Downs was working on his fourth solo show for Transmissions Gallery, in Oakland, California. He had assembled his monotypes, which are primarily black and red, and he thought the show was coming together nicely. That was before his wife Gwyn reviewed his lineup. She told him that his show would be too boring, and she suggested a large-scale painting to compliment the work. Thinking the advice was a bit harsh, and balking at the idea of painting something large (his work tends to be small), he begrudgingly painted a 48 x 48 inch painting titled The Family. Downs freely concedes that she was right. The large painting anchored and pulled everything together.
It was because of that fresh perspective that he noticed an old project of his—a wire sculpture—that had sat in his living room for more than a decade.
Richard loves line. As an extension of his line drawings, and to enhance the upcoming show, he created a series of 3D figural sculptures out of wire. The physicality of working with steel wire was full of possibilities. He developed techniques as he worked, braiding 2, 3 and 4 wires together to add different line weights. His wire medium wasn’t just about line and a simple contour, now it was about line in real space—forcing him to think differently about the human form. The show at the Transmission Gallery was his most successful to date.
Buoyed by the show’s success, Downs posted images on his Facebook page. He uses social media to keep his name “out there,” and to keep in touch with clients. To his surprise, the wire sculptures started attracting attention as soon as they went online. Within a day he had a commission to make another, and recently a collector asked if he would consider creating a 3D wire installment. The sculpture would be a statement piece that would hang from a vaulted ceiling in an executive suite. And true to his nature, Richard jumped right in.
The human figures he made are a man and a woman that stand 8 feet. To start the project, he built the figures first with cardboard, and has learned that it is challenging to create art on such a large scale. After he completed the male, he was pleased with his results. After all, it took him a lot of time to figure out how to make it, and he was planning to repeat the method on the female. Once again, Gwyn had suggestions. “Are you going to do the rings of wire like the male on the female? Because if you do, it is going to be really boring. You need to mix up the techniques for more contrast,” she told him. Richard was completely derailed, and as a stickler for deadlines, he stressed about finishing the piece on time. But she was right. The female figure now has curvier, organic lines that complement the grid-like lines of the male perfectly. The advice pushed the work into a new and better direction.
Richard Downs working on Couple #282, braided annealed wire, 2014 (private commission).
Exploring new areas where his work in wire sculpture might lead is exciting, and he was recently hired by Smithsonian to create a hybrid illustration.
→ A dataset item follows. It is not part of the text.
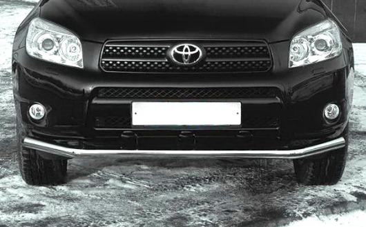 Защита переднего бампера труба предназначена для автомобилей Toyota RAV4 от 2006 г.в. Вам не придется подгонять защиту под размеры бампера вашего авто. И с монтажом проблем не возникнет: установка защиты переднего бампера производится в штатные отверстия, а значит, необходимость сверлить кузов отпадает.

The concept blends painted collage pieces with wire, and is the first 3D illustration that the magazine has commissioned.
Downs now teaches at Sierra Community College in Northern California. He embraces working with kids who have little experience in art, and feels great joy when he watches a student—who had never before used acrylics—make really nice paintings at the end of the semester. “Talent is universal, and it can be found all over and in every culture,” Downs says. “We all blossom and grow at different rates, and it isn’t just the teaching and working with the kids that I enjoy, but it is me growing and improving alongside them.”
Whatever Downs chooses to do next, he’ll surely jump right in, and his work will never be boring.
Richard Downs has won numerous awards for his work. He won a UCDA Gold Award for illustration in 2006 for his collaboration with Middlebury College.